(Problem to work on):
For each entry, output its words exactly and leave any picture behind.
•••••
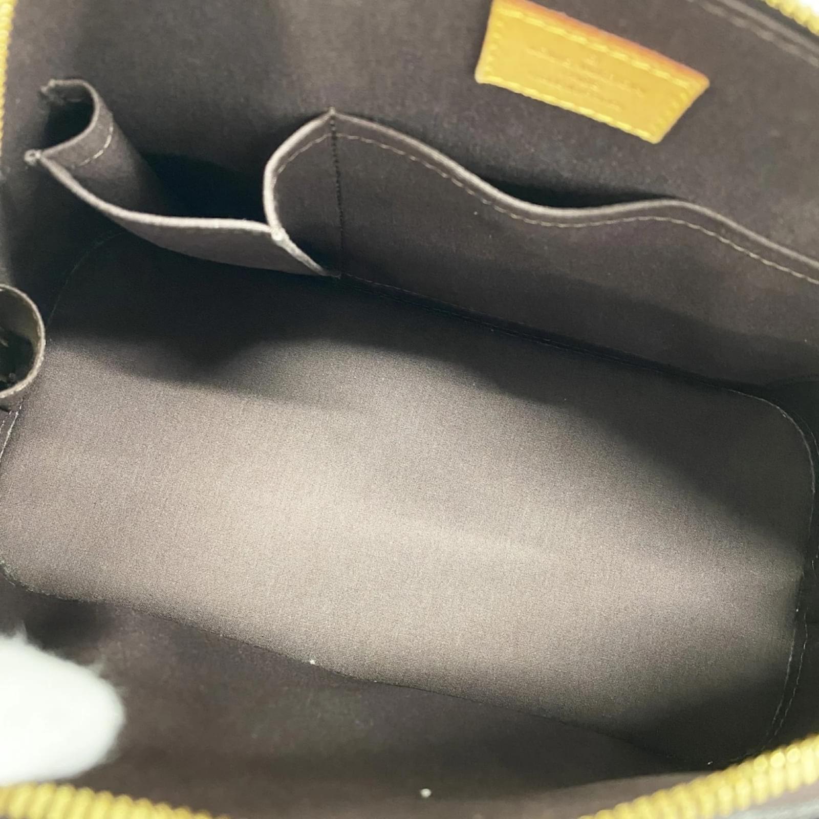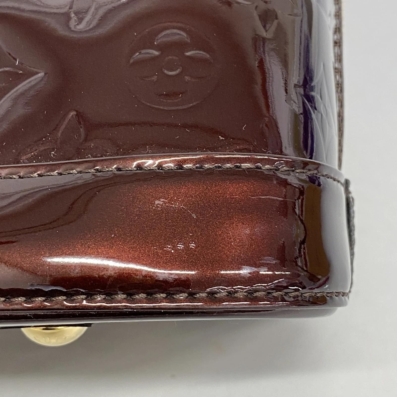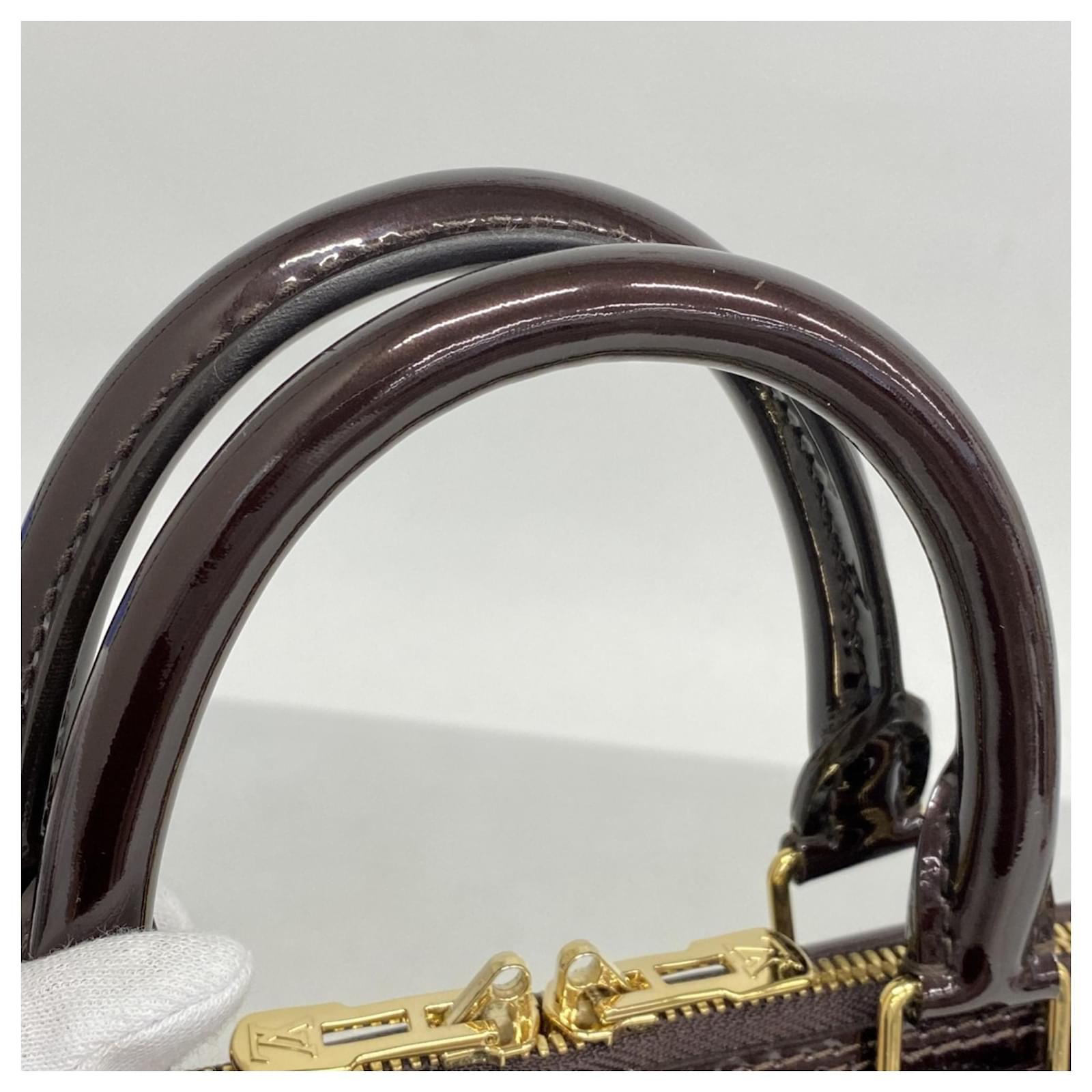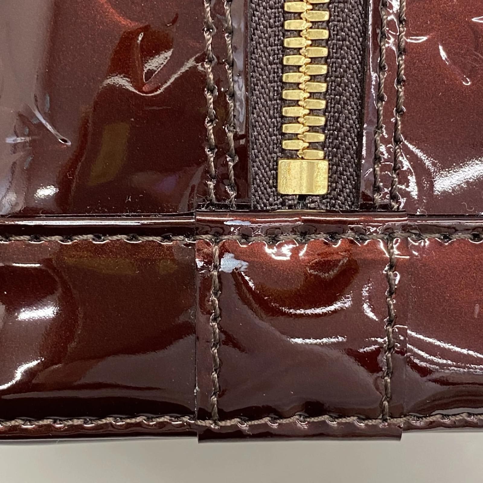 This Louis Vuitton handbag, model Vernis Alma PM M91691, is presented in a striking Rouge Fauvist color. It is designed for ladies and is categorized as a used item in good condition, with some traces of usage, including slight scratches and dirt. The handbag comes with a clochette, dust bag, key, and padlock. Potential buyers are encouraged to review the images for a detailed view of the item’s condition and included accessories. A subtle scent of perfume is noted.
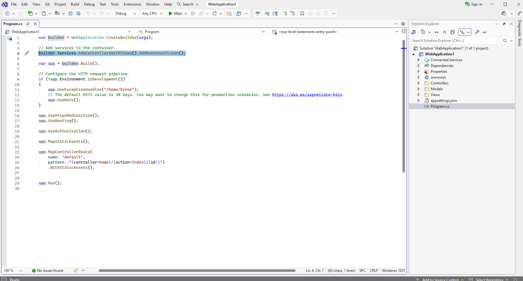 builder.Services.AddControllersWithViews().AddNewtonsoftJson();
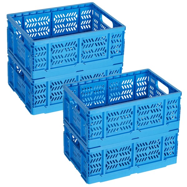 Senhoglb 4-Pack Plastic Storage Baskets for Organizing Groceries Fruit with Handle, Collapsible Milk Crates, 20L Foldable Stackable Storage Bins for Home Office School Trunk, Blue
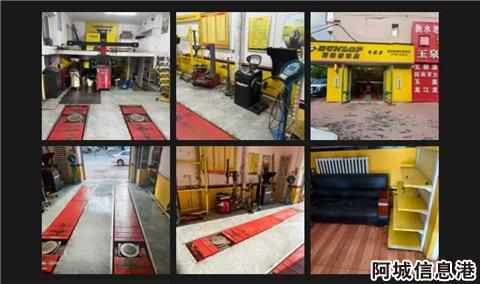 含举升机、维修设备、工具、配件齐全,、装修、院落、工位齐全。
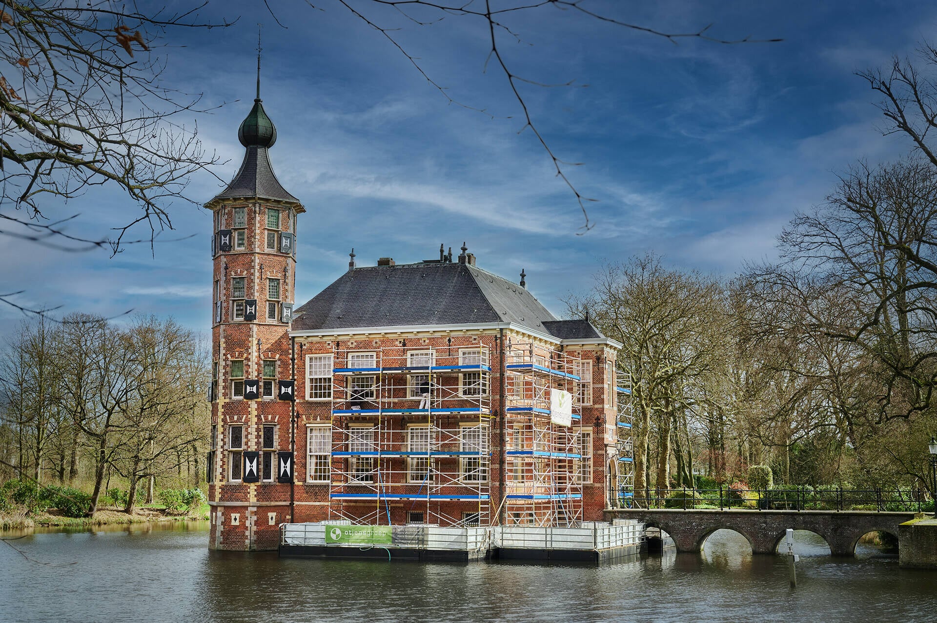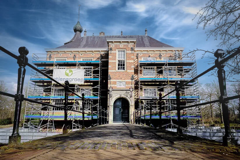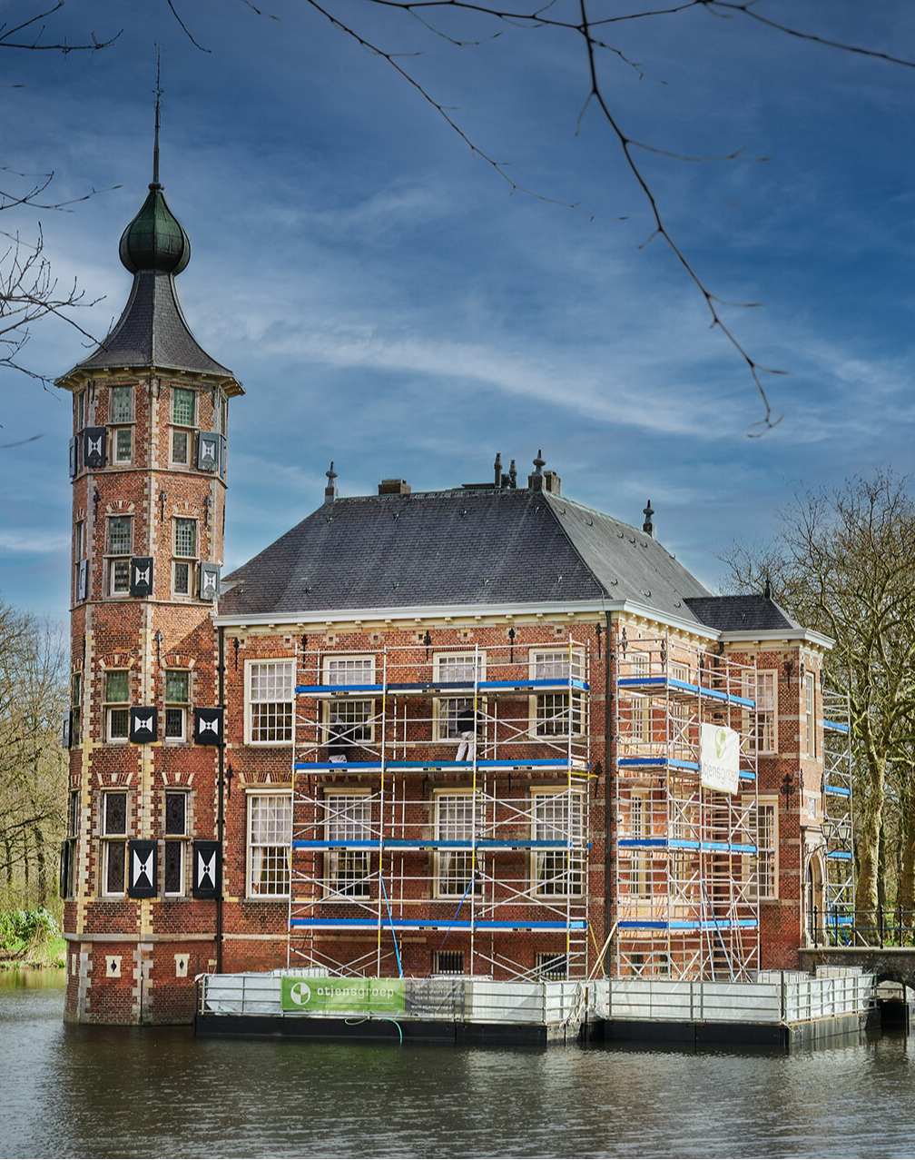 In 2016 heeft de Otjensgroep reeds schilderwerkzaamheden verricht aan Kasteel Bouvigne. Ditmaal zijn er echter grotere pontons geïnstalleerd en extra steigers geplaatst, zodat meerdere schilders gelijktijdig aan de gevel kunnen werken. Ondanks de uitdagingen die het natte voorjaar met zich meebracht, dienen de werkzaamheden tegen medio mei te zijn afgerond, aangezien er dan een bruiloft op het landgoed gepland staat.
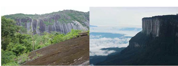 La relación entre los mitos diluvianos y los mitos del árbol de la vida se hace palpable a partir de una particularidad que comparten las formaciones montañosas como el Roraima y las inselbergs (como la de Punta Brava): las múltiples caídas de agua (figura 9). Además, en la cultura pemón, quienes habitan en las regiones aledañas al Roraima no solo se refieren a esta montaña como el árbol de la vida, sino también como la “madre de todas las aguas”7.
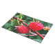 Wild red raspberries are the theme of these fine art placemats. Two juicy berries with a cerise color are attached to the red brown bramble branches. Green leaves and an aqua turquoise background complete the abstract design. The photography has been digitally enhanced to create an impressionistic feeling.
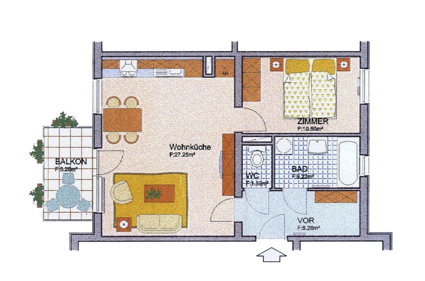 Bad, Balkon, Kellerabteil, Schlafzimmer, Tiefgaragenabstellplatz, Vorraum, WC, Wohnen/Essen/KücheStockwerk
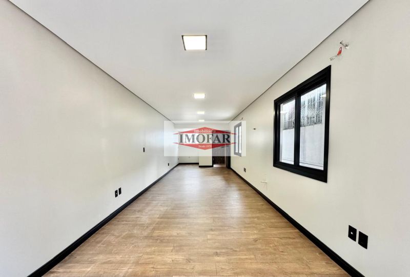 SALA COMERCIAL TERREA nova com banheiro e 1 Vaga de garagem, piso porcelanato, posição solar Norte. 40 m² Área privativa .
•••••
(Task response):
 This Louis Vuitton handbag, model Vernis Alma PM M91691, is presented in a striking Rouge Fauvist color. It is designed for ladies and is categorized as a used item in good condition, with some traces of usage, including slight scratches and dirt. The handbag comes with a clochette, dust bag, key, and padlock. Potential buyers are encouraged to review the images for a detailed view of the item’s condition and included accessories. A subtle scent of perfume is noted.
 builder.Services.AddControllersWithViews().AddNewtonsoftJson();
 Senhoglb 4-Pack Plastic Storage Baskets for Organizing Groceries Fruit with Handle, Collapsible Milk Crates, 20L Foldable Stackable Storage Bins for Home Office School Trunk, Blue
 含举升机、维修设备、工具、配件齐全,、装修、院落、工位齐全。
 In 2016 heeft de Otjensgroep reeds schilderwerkzaamheden verricht aan Kasteel Bouvigne. Ditmaal zijn er echter grotere pontons geïnstalleerd en extra steigers geplaatst, zodat meerdere schilders gelijktijdig aan de gevel kunnen werken. Ondanks de uitdagingen die het natte voorjaar met zich meebracht, dienen de werkzaamheden tegen medio mei te zijn afgerond, aangezien er dan een bruiloft op het landgoed gepland staat.
 La relación entre los mitos diluvianos y los mitos del árbol de la vida se hace palpable a partir de una particularidad que comparten las formaciones montañosas como el Roraima y las inselbergs (como la de Punta Brava): las múltiples caídas de agua (figura 9). Además, en la cultura pemón, quienes habitan en las regiones aledañas al Roraima no solo se refieren a esta montaña como el árbol de la vida, sino también como la “madre de todas las aguas”7.
 Wild red raspberries are the theme of these fine art placemats. Two juicy berries with a cerise color are attached to the red brown bramble branches. Green leaves and an aqua turquoise background complete the abstract design. The photography has been digitally enhanced to create an impressionistic feeling.
 Bad, Balkon, Kellerabteil, Schlafzimmer, Tiefgaragenabstellplatz, Vorraum, WC, Wohnen/Essen/KücheStockwerk
 SALA COMERCIAL TERREA nova com banheiro e 1 Vaga de garagem, piso porcelanato, posição solar Norte. 40 m² Área privativa .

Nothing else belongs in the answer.